● What this task involves: Once the images are removed, repeat all of the entries exactly.

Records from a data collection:
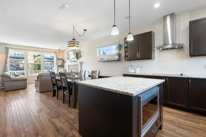 Inside, the open-concept layout creates a warm and welcoming flow, with a bright living and dining area that’s perfect for family dinners, game nights, or gatherings with friends. The kitchen is thoughtfully designed for both style and function, featuring quartz countertops, built-in appliances, a coffee bar, and plenty of counter space perfect for cooking, entertaining, and gathering with family.
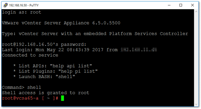 步骤2. 以root用户身份在设备上启动SSH会话。在提示符中输入shell或shell.set–enabled true以访问BASH。建立到VCSA的SSH连接,以root用户身份登录。
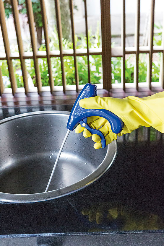 1. ถ้าการลงมือด้วยการถอดท่อดักกลิ่นออกมาล้างทำความสะอาดแล้วยังไม่ได้ผลอีก สายล้างท่อหรือ”งูเหล็ก”น่าจะเป็นผู้ช่วยที่ดีได้ เพียงสอดปลายสายเข้าไปในท่อระบายน้ำทิ้งอย่างช้า ๆ แล้วบีบด้ามจับที่มีลักษณะคล้ายปืนฉีดน้ำเพื่อให้พลาสติก (ไนล่อน) ตรงปลายกางออก (ดังรูป) เพื่อเกี่ยวหรือดึงสิ่งอุดตันให้หลุดออกไปจากท่อ
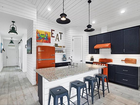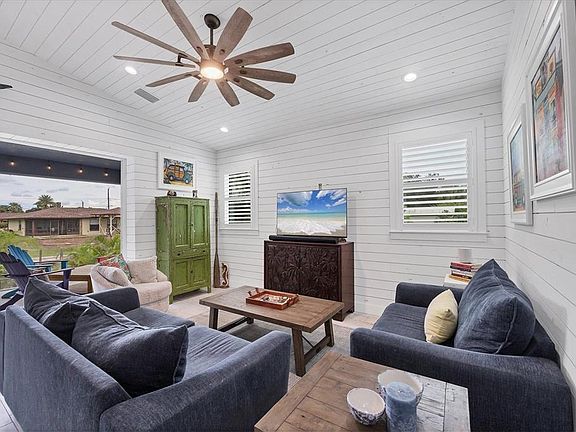 Fenced yardScreened lanaiVetrazzo recycled glass islandOversized epoxy-finished two-car garageBright open living spaceVaulted ceilingsWrapped in shiplap
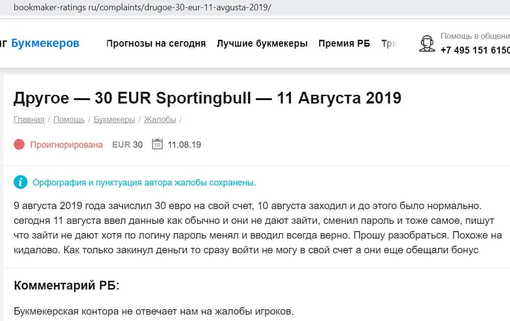 Другой пользователь пишет, что его кинули на сайте Спортинг Булл. Он не может зайти в свой аккаунт, похоже, там сменили пароль. Теперь все его деньги заберет букмекер.
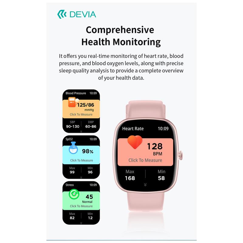 Το Devia WT5 είναι ένα κομψό και πρακτικό smartwatch με ζωντανή οθόνη αφής, ειδοποιήσεις σε πραγματικό χρόνο και λειτουργίες παρακολούθησης υγείας όπως καρδιακός ρυθμός, δραστηριότητα και ύπνος. Με αντοχή στο νερό IP68 και εύκολη σύνδεση μέσω Bluetooth, ταιριάζει σε καθημερινή χρήση, προσφέροντας στυλ και αξιοπιστία.
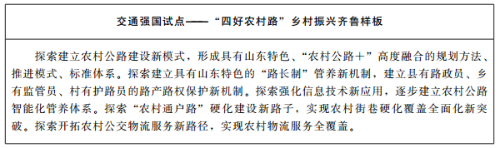 (3)農(nóng)村公路。開展“五年提質(zhì)增效”專項行動,實施路網(wǎng)提升、道路通達(dá)、通行安全保障、融合發(fā)展樣板、運輸服務(wù)升級“五大工程”,助推鄉(xiāng)村振興。新建改造提升農(nóng)村路4萬公里,因地制宜推進(jìn)通建制村雙車道公路建設(shè)和過窄農(nóng)村公路拓寬改造,打造“四好農(nóng)村路”鄉(xiāng)村振興齊魯樣板。路網(wǎng)提升工程。提升新建公路路面結(jié)構(gòu)和技術(shù)標(biāo)準(zhǔn),到2025年底,具備條件的縣(市、區(qū))中心城區(qū)與所轄鄉(xiāng)鎮(zhèn)實現(xiàn)二級及以上公路連接,相鄰鄉(xiāng)鎮(zhèn)實現(xiàn)三級及以上公路連接。強化路域環(huán)境治理,因地制宜設(shè)置停車區(qū)、服務(wù)驛站等配套服務(wù)設(shè)施,完善既有農(nóng)村公路的安全、排水、綠化等配套設(shè)施建設(shè)。道路通達(dá)工程。推動農(nóng)村公路向進(jìn)村入戶傾斜,持續(xù)推進(jìn)村內(nèi)通戶道路硬化,打通斷頭路。到2025年,所有自然村全部通硬化路,村內(nèi)通戶道路硬化基本完成,高標(biāo)準(zhǔn)實現(xiàn)“村村通”“戶戶通”。通行安全保障工程。完成現(xiàn)有四、五類橋梁改造任務(wù)。實施1萬公里村道安全設(shè)施提升試點。加快完善農(nóng)村公路安全防護(hù)設(shè)施,基本消除縣鄉(xiāng)道路安全隱患。融合發(fā)展樣板工程。加強農(nóng)村公路與自然、生態(tài)、文化、科技、產(chǎn)業(yè)等融合發(fā)展,探索“公路+”發(fā)展模式,開展最美農(nóng)村路、鄉(xiāng)村振興路命名活動。到2025年,打造80條特色鮮明、帶動作用大的省級以上融合發(fā)展樣板公路。運輸服務(wù)升級工程。具備條件的地區(qū)推行全域公交,形成城鄉(xiāng)一體、高效快捷、功能完善的農(nóng)村物流網(wǎng)絡(luò)體系。
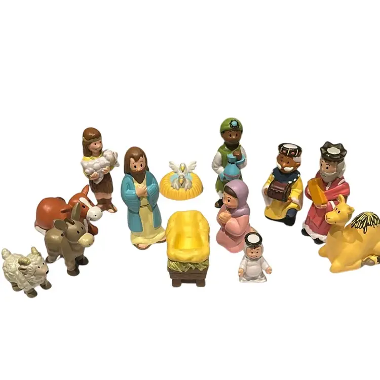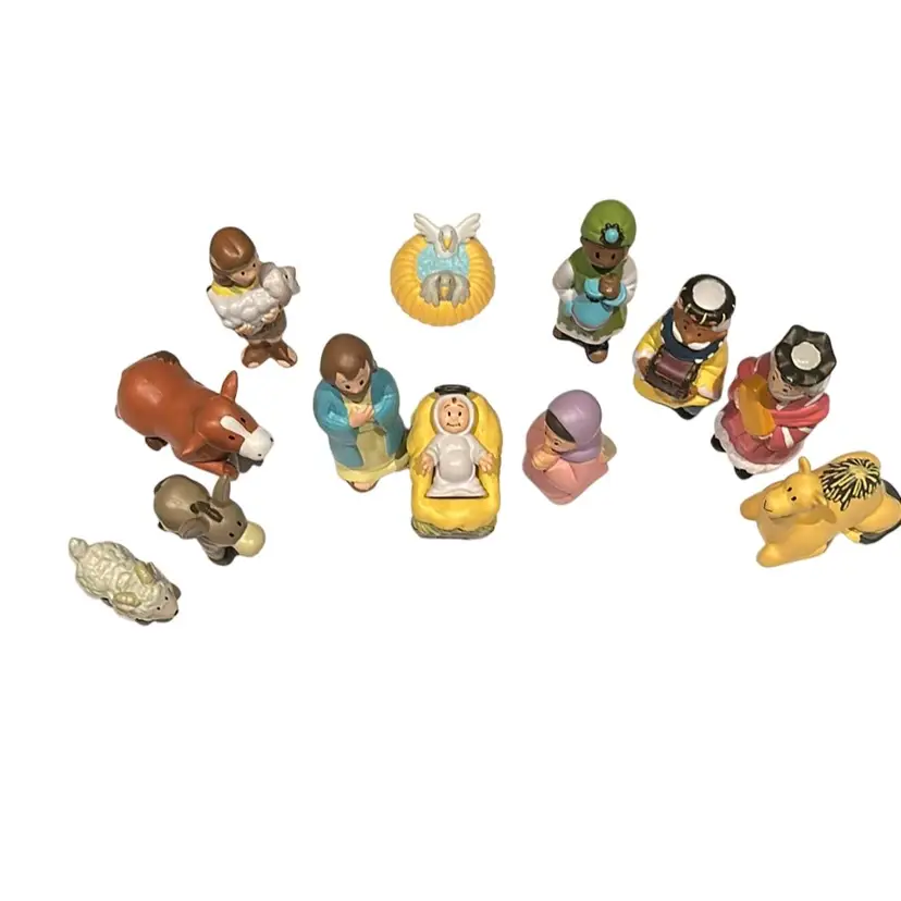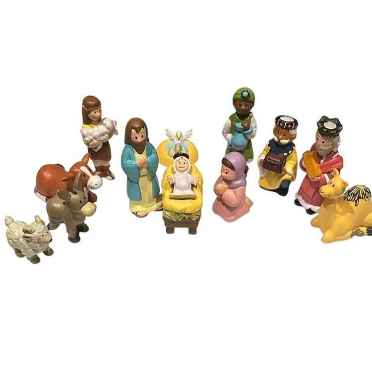 Tallest piece is 3.5 in baby Jesus is 1.75in
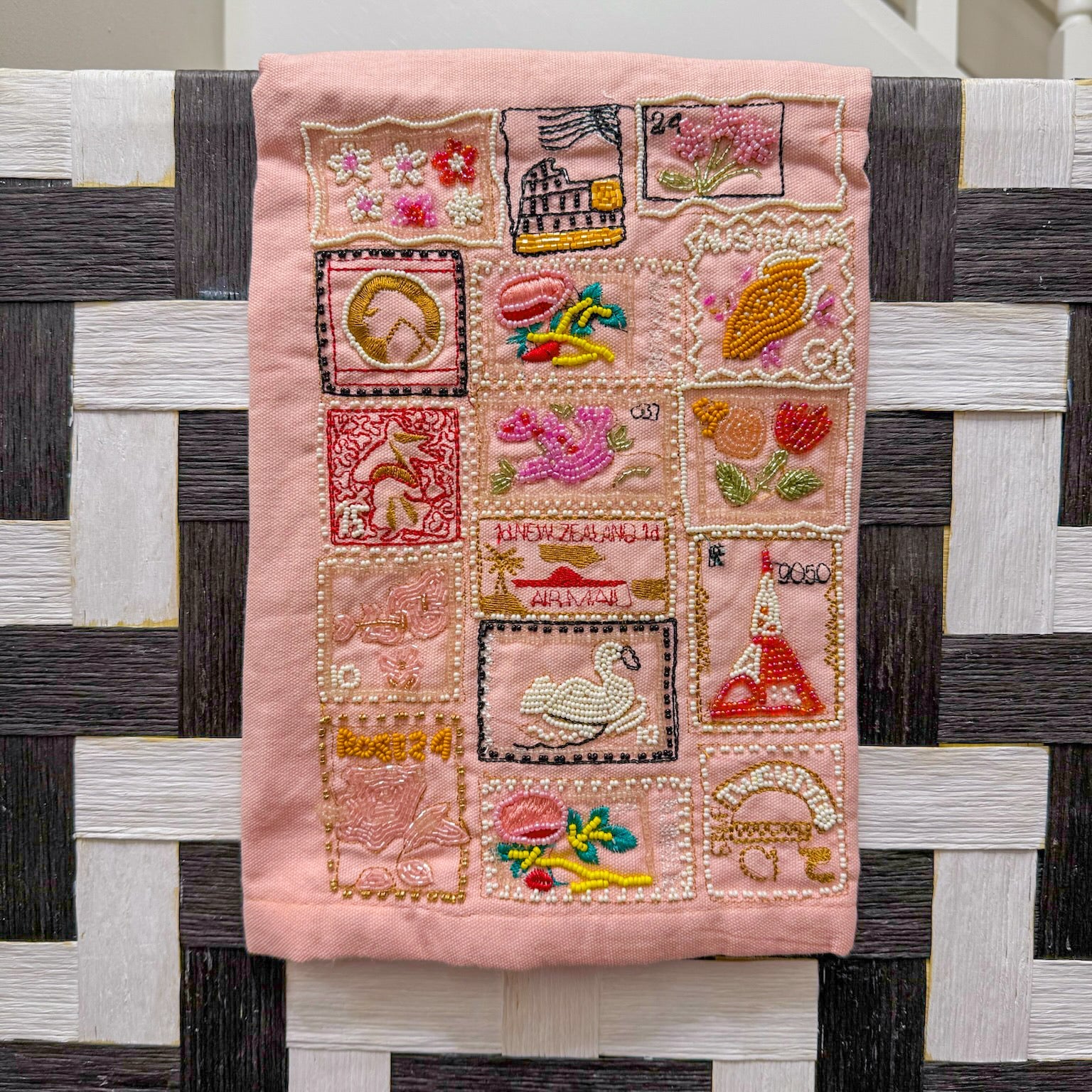 Stamps Beaded Tea Towel

● Solved problem:
 Inside, the open-concept layout creates a warm and welcoming flow, with a bright living and dining area that’s perfect for family dinners, game nights, or gatherings with friends. The kitchen is thoughtfully designed for both style and function, featuring quartz countertops, built-in appliances, a coffee bar, and plenty of counter space perfect for cooking, entertaining, and gathering with family.
 步骤2. 以root用户身份在设备上启动SSH会话。在提示符中输入shell或shell.set–enabled true以访问BASH。建立到VCSA的SSH连接,以root用户身份登录。
 1. ถ้าการลงมือด้วยการถอดท่อดักกลิ่นออกมาล้างทำความสะอาดแล้วยังไม่ได้ผลอีก สายล้างท่อหรือ”งูเหล็ก”น่าจะเป็นผู้ช่วยที่ดีได้ เพียงสอดปลายสายเข้าไปในท่อระบายน้ำทิ้งอย่างช้า ๆ แล้วบีบด้ามจับที่มีลักษณะคล้ายปืนฉีดน้ำเพื่อให้พลาสติก (ไนล่อน) ตรงปลายกางออก (ดังรูป) เพื่อเกี่ยวหรือดึงสิ่งอุดตันให้หลุดออกไปจากท่อ
 Fenced yardScreened lanaiVetrazzo recycled glass islandOversized epoxy-finished two-car garageBright open living spaceVaulted ceilingsWrapped in shiplap
 Другой пользователь пишет, что его кинули на сайте Спортинг Булл. Он не может зайти в свой аккаунт, похоже, там сменили пароль. Теперь все его деньги заберет букмекер.
 Το Devia WT5 είναι ένα κομψό και πρακτικό smartwatch με ζωντανή οθόνη αφής, ειδοποιήσεις σε πραγματικό χρόνο και λειτουργίες παρακολούθησης υγείας όπως καρδιακός ρυθμός, δραστηριότητα και ύπνος. Με αντοχή στο νερό IP68 και εύκολη σύνδεση μέσω Bluetooth, ταιριάζει σε καθημερινή χρήση, προσφέροντας στυλ και αξιοπιστία.
 (3)農(nóng)村公路。開展“五年提質(zhì)增效”專項行動,實施路網(wǎng)提升、道路通達(dá)、通行安全保障、融合發(fā)展樣板、運輸服務(wù)升級“五大工程”,助推鄉(xiāng)村振興。新建改造提升農(nóng)村路4萬公里,因地制宜推進(jìn)通建制村雙車道公路建設(shè)和過窄農(nóng)村公路拓寬改造,打造“四好農(nóng)村路”鄉(xiāng)村振興齊魯樣板。路網(wǎng)提升工程。提升新建公路路面結(jié)構(gòu)和技術(shù)標(biāo)準(zhǔn),到2025年底,具備條件的縣(市、區(qū))中心城區(qū)與所轄鄉(xiāng)鎮(zhèn)實現(xiàn)二級及以上公路連接,相鄰鄉(xiāng)鎮(zhèn)實現(xiàn)三級及以上公路連接。強化路域環(huán)境治理,因地制宜設(shè)置停車區(qū)、服務(wù)驛站等配套服務(wù)設(shè)施,完善既有農(nóng)村公路的安全、排水、綠化等配套設(shè)施建設(shè)。道路通達(dá)工程。推動農(nóng)村公路向進(jìn)村入戶傾斜,持續(xù)推進(jìn)村內(nèi)通戶道路硬化,打通斷頭路。到2025年,所有自然村全部通硬化路,村內(nèi)通戶道路硬化基本完成,高標(biāo)準(zhǔn)實現(xiàn)“村村通”“戶戶通”。通行安全保障工程。完成現(xiàn)有四、五類橋梁改造任務(wù)。實施1萬公里村道安全設(shè)施提升試點。加快完善農(nóng)村公路安全防護(hù)設(shè)施,基本消除縣鄉(xiāng)道路安全隱患。融合發(fā)展樣板工程。加強農(nóng)村公路與自然、生態(tài)、文化、科技、產(chǎn)業(yè)等融合發(fā)展,探索“公路+”發(fā)展模式,開展最美農(nóng)村路、鄉(xiāng)村振興路命名活動。到2025年,打造80條特色鮮明、帶動作用大的省級以上融合發(fā)展樣板公路。運輸服務(wù)升級工程。具備條件的地區(qū)推行全域公交,形成城鄉(xiāng)一體、高效快捷、功能完善的農(nóng)村物流網(wǎng)絡(luò)體系。
 Tallest piece is 3.5 in baby Jesus is 1.75in
 Stamps Beaded Tea Towel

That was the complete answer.